Singapore’s POFMA Law: Riding the Fault-line between Regulation and Dissent

On 25 November 2019, Singapore for the first time used its new law, Protection from Online Falsehoods and Manipulation Act (POFMA), to identify as false a Facebook post that was critical of the state led investment funds, which was allegedly posted by a member of the political opposition. This particular post on Facebook belonged to Brad Bowyer, a member of the opposition Progress Singapore Party, who happens to be a UK born politician but a naturalized Singaporean. Bowyer had earlier been a member of the ruling party the People’s Action Party (PAP) and is now with the opposition. Bowyer’s reference to the state influence on decisions made by state investors in Temasak Holdings and GIC implicates that the ruling party favours these two sovereign wealth funds, pushing the state agenda in this context.

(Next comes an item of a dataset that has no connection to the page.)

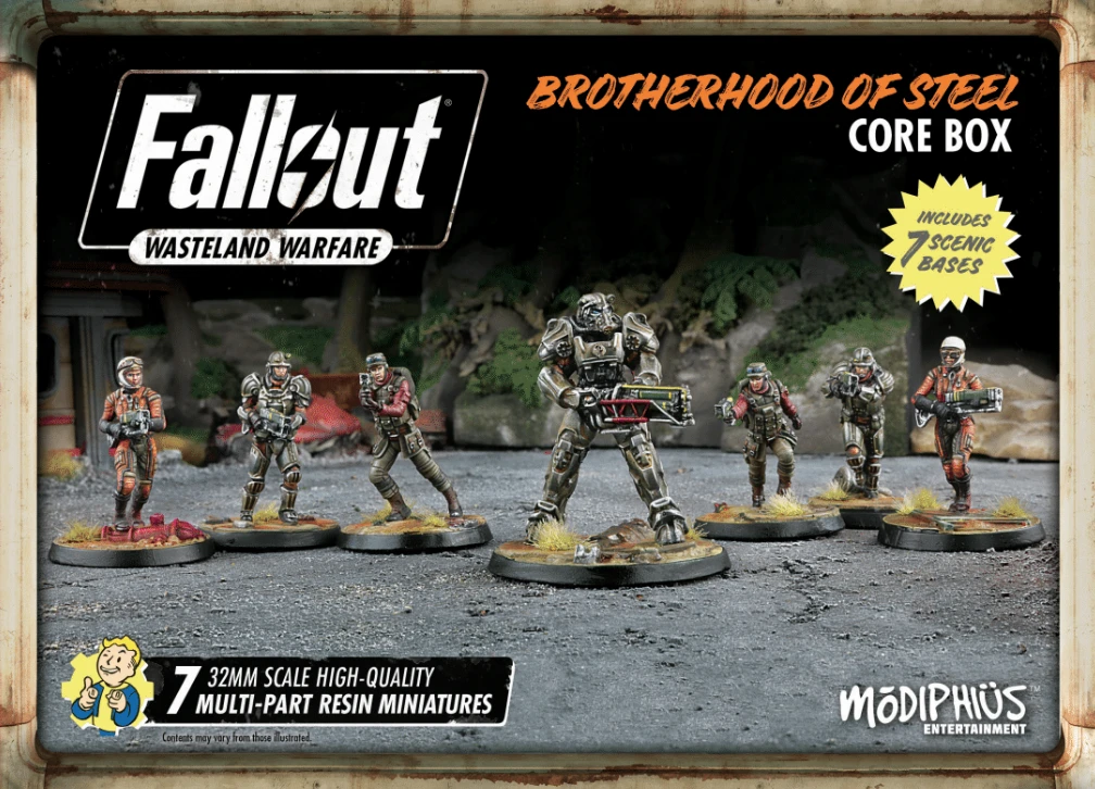 This Fallout: Wasteland Warfare set contains 32mm scale resin miniatures with scenic bases. Each set provides an expansion to the game with new cards for player vs player and AI game modes.

Interestingly as the effect of the US-China trade war has begun to impact the Southeast Asian region, Singapore’s sovereign wealth funds, both GIC and Temasak, have approached the matter with the long standing Singaporean methodology to huge dramatic shifts – caution! Both these wealth funds have been cautious in terms of the regional economic forecast and have been watchful of the shifts resulting from the ongoing economic tussle between United States and China, even looking to see if opportunities emerge elsewhere in the region where a positive investment is likely such as in Vietnam which is seeing a more robust economic outcome as a result of the trade war, with investments moving to Vietnam. Thereby Bowyer’s reference to influence was seen as a matter that would reflect poorly on the leading investment funds in Singapore bringing with it signs of economic distress and trust deficit to investors. In response to the order the post was marked with a stamp clearly indicating that the details were false and Bowyer also did a quick retraction of his post.

The debate surrounding POFMA has seen some heated discussions and responses from within the Singapore parliament and civil society groups. In the run up to the passing of the POFMA in May 2019 several civil society groups expressed concerns over the fact that the bill was likely to grant excessive discretionary powers to those who are within the executive authority of the Singapore government, specifically the Ministers within the People’s Action Party (PAP), almost a single party dominating the political landscape in the country. Moreover, it gave the authority to Ministers to decide what constitutes fake news, thereby allowing them to have a whip over the nature and content that will be disseminated. And it allowed for the same ministers to exempt anyone they wanted from facing charges of fake news dissemination.

Interestingly, POFMA law is applicable to both individuals and corporate – whereby a person or an organization will be compelled to retract any online communication which violates the law on fake news. Corrections of the news may also be ordered by the authority in question, even requesting for the disabling of the access to that particular content. If these orders are not adhered to the matter would then be a criminal offense. This applies to all aspects of social media and can also be extended to include communications between individual members. Often in the case of social media the individual user may not be even aware of the nature of content shared, but these orders can nevertheless be applied in such cases too.

While the debates in Singapore on POFMA will be tested over a period of time it is significant to highlight that the challenge emanating from fake news is becoming increasingly difficult to manage. The origins of fake news lie in the United States Presidential Campaign of 2016, which became the high point on how the effects of fake news could bring about serious shifts in public opinion and damage the democratic legacy of a country. Increasingly, countries are also looking at fake news as a source of threat to national security, especially because it has the ability to seriously erode the fabric of social cohesion and law and order within states. Moreover, as proved by the US Presidential elections of 2016, fake news has been instrumental in severely damaging public institutions which have been built over several decades. Within this background several countries have sought to bring about legislation that could counter the onslaught of fake news and hate propaganda through the use of social media.

Singapore’s step to implement the POFMA while addressing its individual concerns is not without regional support. In September 2017 the ASEAN moved towards a regional approach to mitigate the impact of fake news. Under the initiative ASEAN Ministers Responsible for Information (AMRI), there has been an effort to address the negative implications for the region due to social media spreading hate without any restrictions. Singapore which was the Chair of ASEAN in 2018 headed the move towards the establishment of a regional approach to counter the problem. The focus was to promote areas of joint research which would evolve effective responses to dealing with fake news – in terms of both origin and content. Moreover, with Singapore passing the POFMA bill, ASEAN in the future may see it critical to address the growing security challenges that emerge from issues of fake news and bring it further into the ASEAN’s Politico-Security Community pillar. For the time being, however, Singapore will continue to ride the fault-line between what is seen as `necessary regulation’ and `stifling dissent’.

Professor Shankari Sundararaman is Professor of Southeast Asian Studies, School of International Studies, Jawaharlal Nehru University, New Delhi.